# Road trips on a budget



## Robert Pickel (Apr 21, 2016)

Maybe I'm a dreamer, but I have a vision of making long (and economical) road trips in my new M3, sleeping in the space when I fold down the rear seats, using "camper mode" to keep the car comfortable, stopping at large truck stops (Pilot or TA) to buy a quick shower and then, I'm on my way again. Has anyone done this? Does the M3 even have what has been called a "camper mode" yet? Do the rear seats fold flat? Thanks!


----------



## PNWmisty (Aug 19, 2017)

Robert Pickel said:


> Maybe I'm a dreamer, but I have a vision of making long (and economical) road trips in my new M3, sleeping in the space when I fold down the rear seats, using "camper mode" to keep the car comfortable, stopping at large truck stops (Pilot or TA) to buy a quick shower and then, I'm on my way again. Has anyone done this? Does the M3 even have what has been called a "camper mode" yet? Do the rear seats fold flat? Thanks!


No camper mode (yet).

The rear seats fold flat (although not quite as flat as the gen 1 seats). Definitely doable, just don't bring too much stuff.

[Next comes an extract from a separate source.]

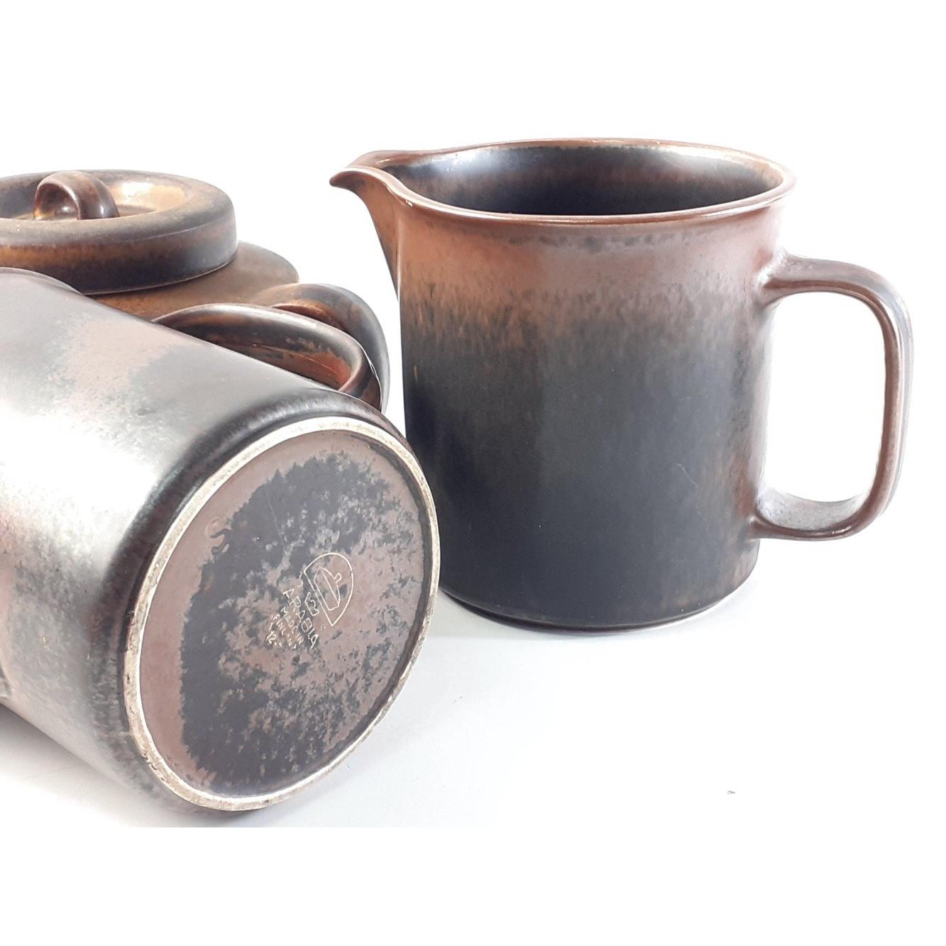 A collection of 1975 retro Arabica Finland Ruska. Teapot, coffee pot, and a medium and large milk jugsApprox 4 pieces

And if you want to make it a real low budget trip, scour various sources for all the free chargers available before you leave. Most of the free ones are relatively low powered (but not all). So it might pay to only select the ones that are in an area where you want to spend some time. And stick to the slower backroads when possible to fully maximize the enjoyment. You can drive literally all day long, 10-12 hours non-stop without charging simply by driving around 30-35 mph on twisty, scenic backroads if you start with a full charge. My wife and I love to travel scenic county roads in hilly rural areas.


----------